Drey’s suicide has left me asking “why?”  I believe the “why” question is a normal part of grieving regardless of how someone died.  The difference with suicide is that not only do you ask “why” of God but you ask “why” of the person you lost.  And with that “why” come the “what if’s, if only’s, I wish I would have’s” and the “I should have’s.”  He chose this.  He chose to end his life.  But I’m his Mom?!  How did I miss that?  How could he have been thinking about this and I was so unaware?  Maybe we shouldn’t have moved.  His Dad and I never should’ve divorced?  I should’ve been harder on him about his drinking?  But he was 19 – an adult.  I didn’t want to push him away by harping on him??  Maybe I should’ve made him stay involved in the church instead of letting him make his own choice regarding spiritual engagement once he started high school?  Why didn’t I drive over to his Dad’s that morning?  My gut told me something wasn’t right – why didn’t I go over there??  Why did I just go about my day like normal?  I don’t have answers to these questions.  I won’t on this side of heaven.  So part of finding my “new normal” means learning to live without answers.  I am a work in progress.
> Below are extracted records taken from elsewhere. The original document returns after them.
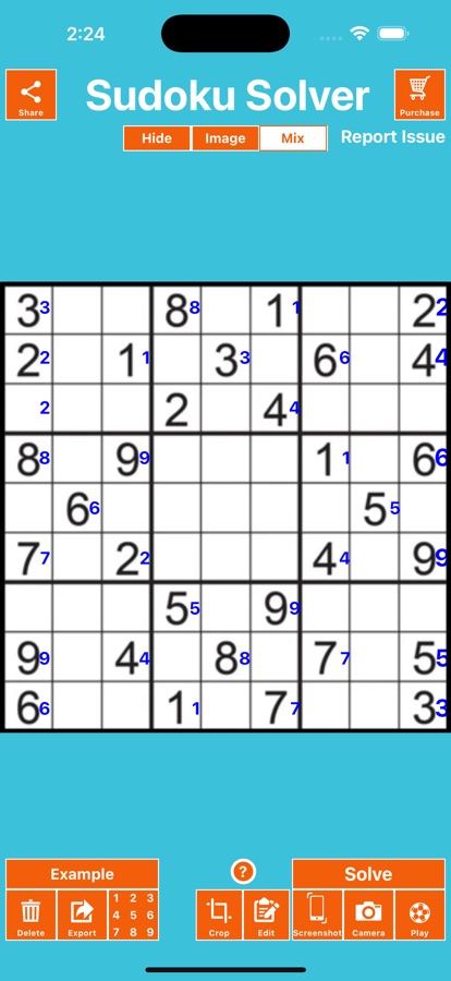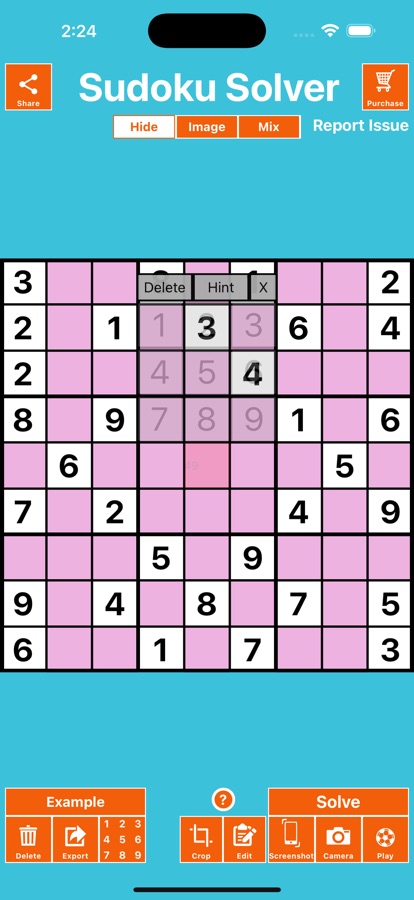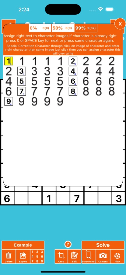 ◆ В режиме камеры вам нужно сфотографировать судоку с помощью приложения, затем обрезать и проверить персонаж.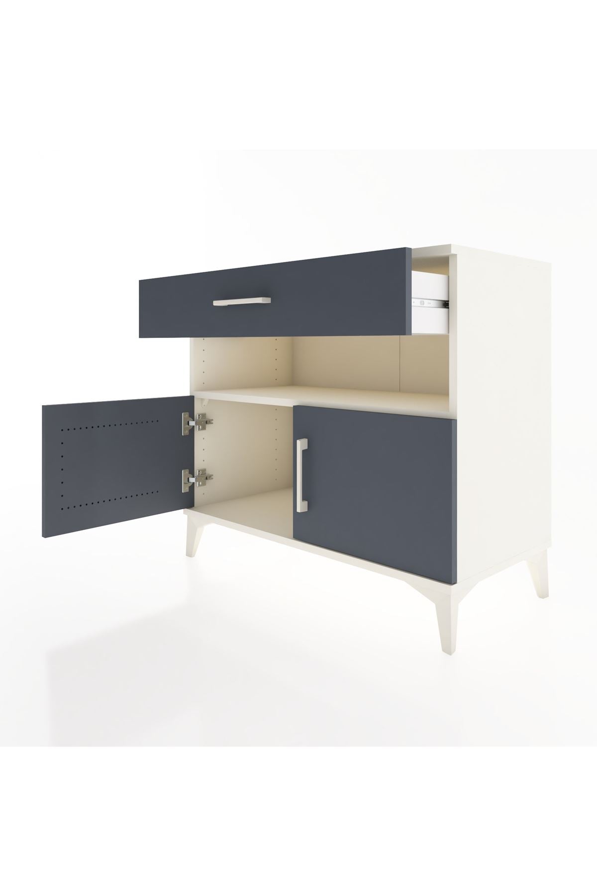 Düzenli bir görünüm sağlar; kıyafet, çamaşır veya aksesuarları sınıflandırarak yaşam alanını ferahlatır. Kompakt ölçüleri sayesinde dar koridorlarda, yatak odalarında veya antrede pratik çözümler sunar. Üst raf ve çekmece kombinasyonu sık kullanılan eşyaları erişilebilir kılar; kapaklı bölüm ise görünümü temiz tutar. Sağlam metal ayaklar zeminden yüksekte tutarak temizlik kolaylığı sağlar. Suntalam yüzey çizilmelere ve nem değişimlerine karşı dayanıklı üretim sunar.
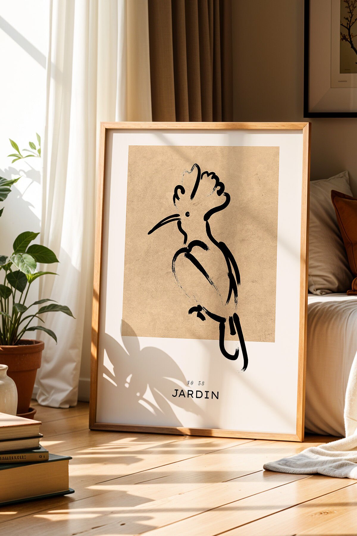 DOĞAL AHŞAP - Jardin Serisi Kuş Çizimi Bohem Kahverengi Doğal Ahşap Çerçeveli Duvar Tablosu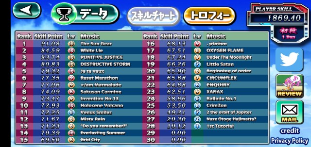 なお、このチャートは無課金で進めたものなので、最初から多くの曲が選べるAC版や、課金した場合はもうちょっと楽に到達できるかな?って気はします。(空白2曲分+Naze Otoge Hajimatta?、1st Tutrial枠が空いてますね)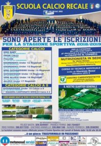 RECALE – L’A.S.D. Recale 2002 riapre i battenti. Oggi pomeriggio, martedì 28 agosto, inizia ufficialmente la stagione 2018-2019 per la scuola calcio, con i raduni delle categorie Allievi, Giovanissimi ed Esordienti. A partire dalle 16 tanti ragazzi si ritroveranno sul campo per il primo allenamento, in attesa che a breve si avvii anche l’attività di Pulcini, Primi Calci e Mini Baby. Quartier generale il centro sportivo “Mario Acconcia” di Recale, che dispone di un campo a 11, un campo di calcio a 8, tre campi di calcio a 5, una tendostruttura coperta di calcio a 5, il bar ed il parcheggio custodito.

The second thing that’s unique about grieving a suicide death is the overwhelming presence of shame.   For the first several months I felt shame’s presence.   It was as if it were a demon latched onto my back.  I felt the weight of it.   I felt it hissing in my ear – often asking me the questions I listed above but also following up with a horribly devasting lie of an answer.    I remember one time being at the grocery store and had gone down one aisle to grab something while my husband went down another.  During those brief few minutes a person casually looked at me but in my mind they held my gaze just a little too long and I immediately believed they knew my son had taken his own life.  And they knew it was because I was a bad parent.  I quickly tried to talk myself through that they don’t know me, I wasn’t a bad parent, stay focused, what did you come down this aisle looking for, it’s okay, stay calm… But within a matter of seconds I was reeling in a frenzy of panicked shame.  I quickly found my husband and didn’t leave his side the rest of the grocery store visit.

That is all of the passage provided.